## WORK TO BE COMPLETED
Your output should consist of the lines from the first line of the records below through the one with "Kovia ennustettuja pakkasia", exactly, minus the pictures.

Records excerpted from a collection

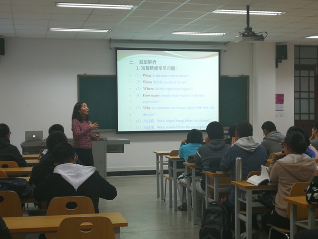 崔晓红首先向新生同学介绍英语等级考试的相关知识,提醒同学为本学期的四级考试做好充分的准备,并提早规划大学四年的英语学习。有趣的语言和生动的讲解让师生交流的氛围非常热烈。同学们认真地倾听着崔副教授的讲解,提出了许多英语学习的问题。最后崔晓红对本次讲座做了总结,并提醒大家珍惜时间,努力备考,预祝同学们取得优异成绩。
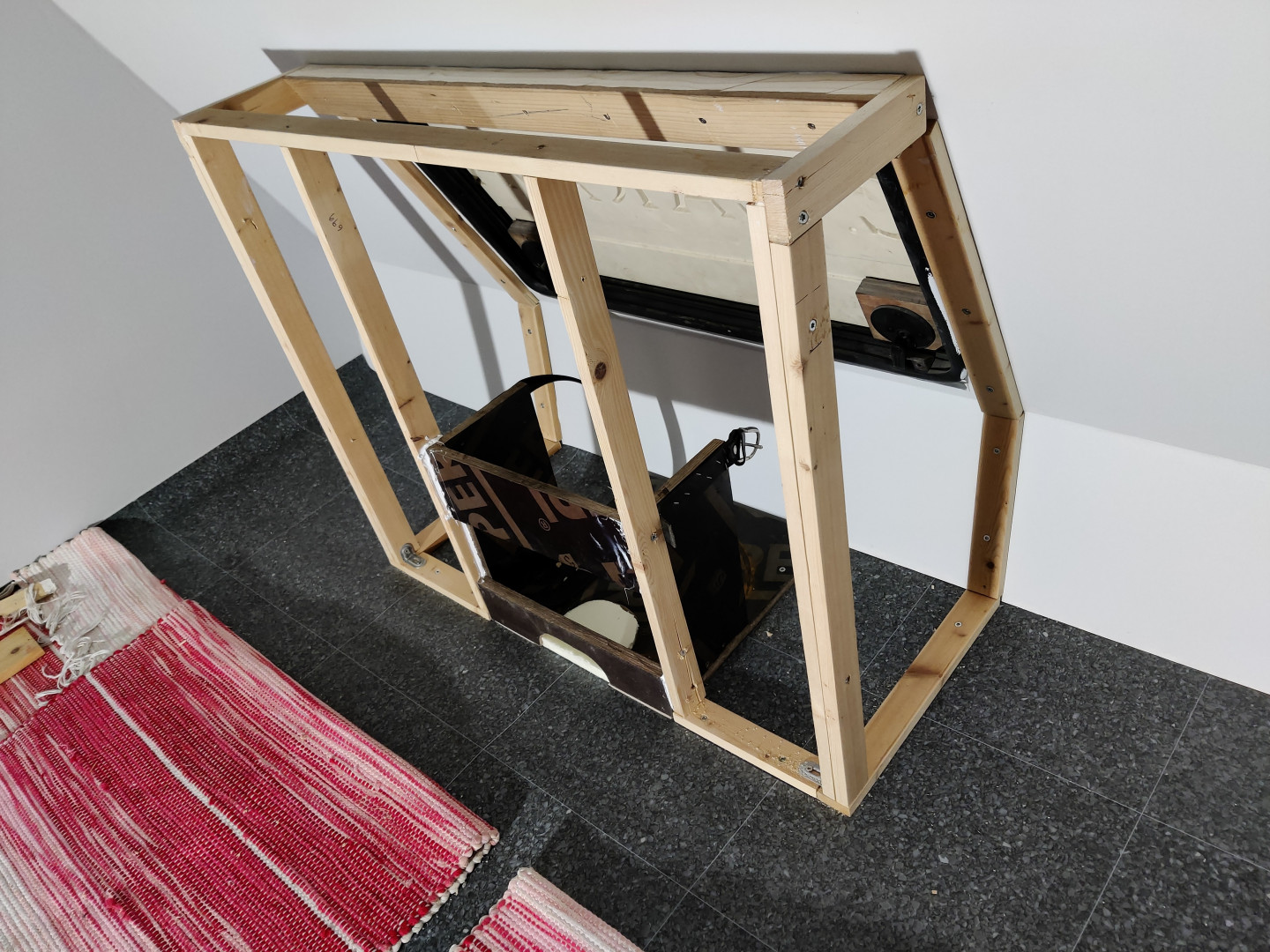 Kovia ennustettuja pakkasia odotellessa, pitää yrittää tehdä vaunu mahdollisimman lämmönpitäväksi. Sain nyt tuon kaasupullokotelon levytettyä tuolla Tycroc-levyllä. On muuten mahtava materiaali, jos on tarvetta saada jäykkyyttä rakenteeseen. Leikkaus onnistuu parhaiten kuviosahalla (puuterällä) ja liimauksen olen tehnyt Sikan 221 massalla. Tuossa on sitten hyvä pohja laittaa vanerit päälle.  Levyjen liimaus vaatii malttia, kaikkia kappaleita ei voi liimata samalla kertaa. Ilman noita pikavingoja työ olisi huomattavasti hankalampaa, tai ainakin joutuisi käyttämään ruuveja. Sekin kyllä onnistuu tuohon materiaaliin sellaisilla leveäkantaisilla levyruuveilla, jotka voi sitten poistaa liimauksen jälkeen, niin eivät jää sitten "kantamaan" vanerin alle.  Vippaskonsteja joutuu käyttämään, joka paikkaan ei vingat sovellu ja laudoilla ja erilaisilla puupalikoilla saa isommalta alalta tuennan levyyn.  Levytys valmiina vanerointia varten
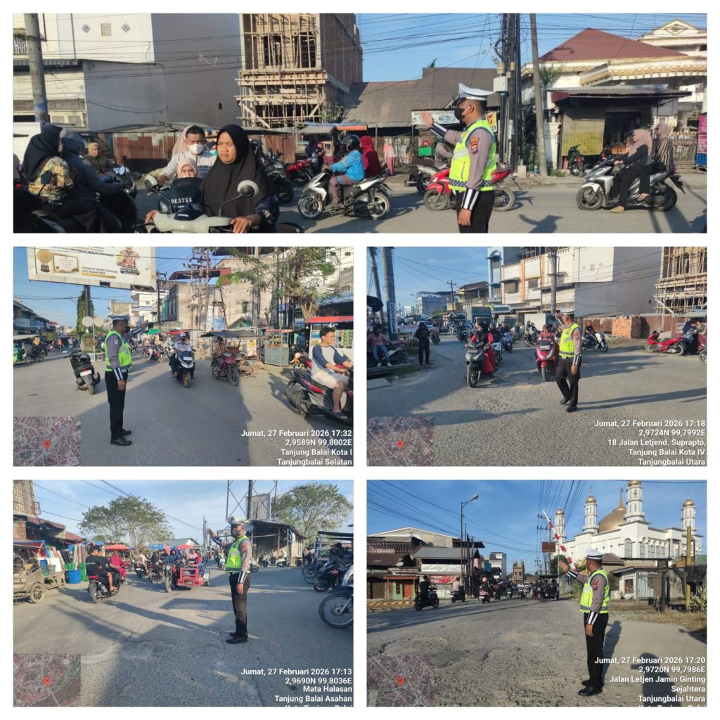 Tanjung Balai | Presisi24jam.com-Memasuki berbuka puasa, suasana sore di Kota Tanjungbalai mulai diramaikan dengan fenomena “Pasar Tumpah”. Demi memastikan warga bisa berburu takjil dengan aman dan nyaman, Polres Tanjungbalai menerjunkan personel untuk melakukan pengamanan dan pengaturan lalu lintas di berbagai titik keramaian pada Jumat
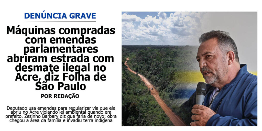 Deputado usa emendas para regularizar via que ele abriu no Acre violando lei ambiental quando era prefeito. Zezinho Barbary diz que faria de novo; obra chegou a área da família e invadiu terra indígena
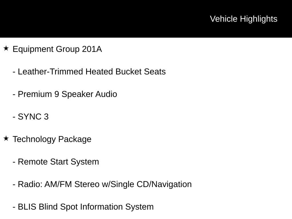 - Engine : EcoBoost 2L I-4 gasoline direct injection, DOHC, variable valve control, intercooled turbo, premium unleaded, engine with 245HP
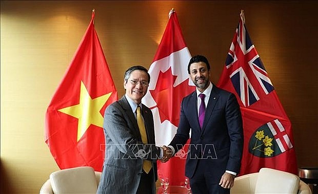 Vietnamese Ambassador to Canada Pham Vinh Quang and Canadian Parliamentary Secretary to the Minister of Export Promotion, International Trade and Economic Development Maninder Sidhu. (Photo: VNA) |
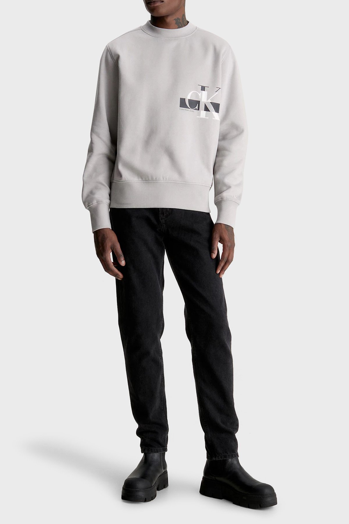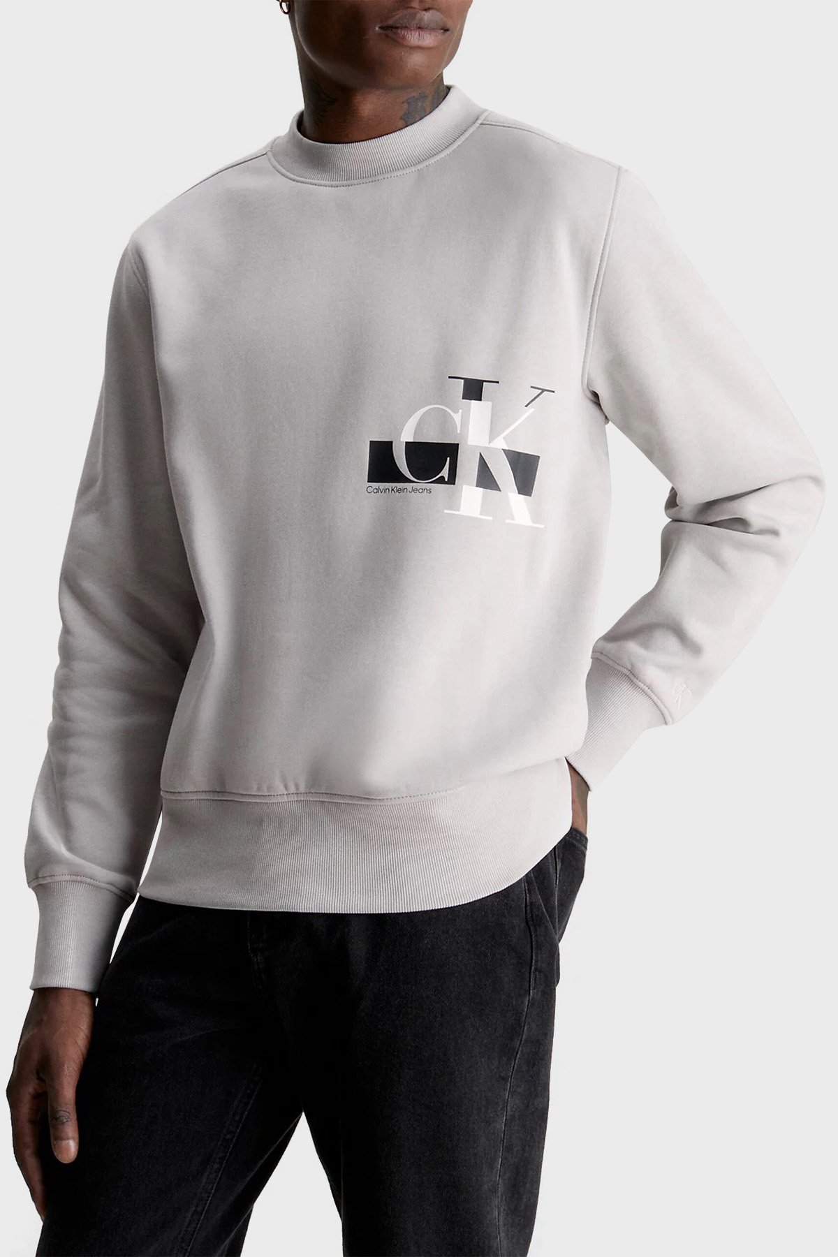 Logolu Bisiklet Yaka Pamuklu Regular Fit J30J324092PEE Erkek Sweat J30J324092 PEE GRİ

## RESULT BELOW
 崔晓红首先向新生同学介绍英语等级考试的相关知识,提醒同学为本学期的四级考试做好充分的准备,并提早规划大学四年的英语学习。有趣的语言和生动的讲解让师生交流的氛围非常热烈。同学们认真地倾听着崔副教授的讲解,提出了许多英语学习的问题。最后崔晓红对本次讲座做了总结,并提醒大家珍惜时间,努力备考,预祝同学们取得优异成绩。
 Kovia ennustettuja pakkasia odotellessa, pitää yrittää tehdä vaunu mahdollisimman lämmönpitäväksi. Sain nyt tuon kaasupullokotelon levytettyä tuolla Tycroc-levyllä. On muuten mahtava materiaali, jos on tarvetta saada jäykkyyttä rakenteeseen. Leikkaus onnistuu parhaiten kuviosahalla (puuterällä) ja liimauksen olen tehnyt Sikan 221 massalla. Tuossa on sitten hyvä pohja laittaa vanerit päälle.  Levyjen liimaus vaatii malttia, kaikkia kappaleita ei voi liimata samalla kertaa. Ilman noita pikavingoja työ olisi huomattavasti hankalampaa, tai ainakin joutuisi käyttämään ruuveja. Sekin kyllä onnistuu tuohon materiaaliin sellaisilla leveäkantaisilla levyruuveilla, jotka voi sitten poistaa liimauksen jälkeen, niin eivät jää sitten "kantamaan" vanerin alle.  Vippaskonsteja joutuu käyttämään, joka paikkaan ei vingat sovellu ja laudoilla ja erilaisilla puupalikoilla saa isommalta alalta tuennan levyyn.  Levytys valmiina vanerointia varten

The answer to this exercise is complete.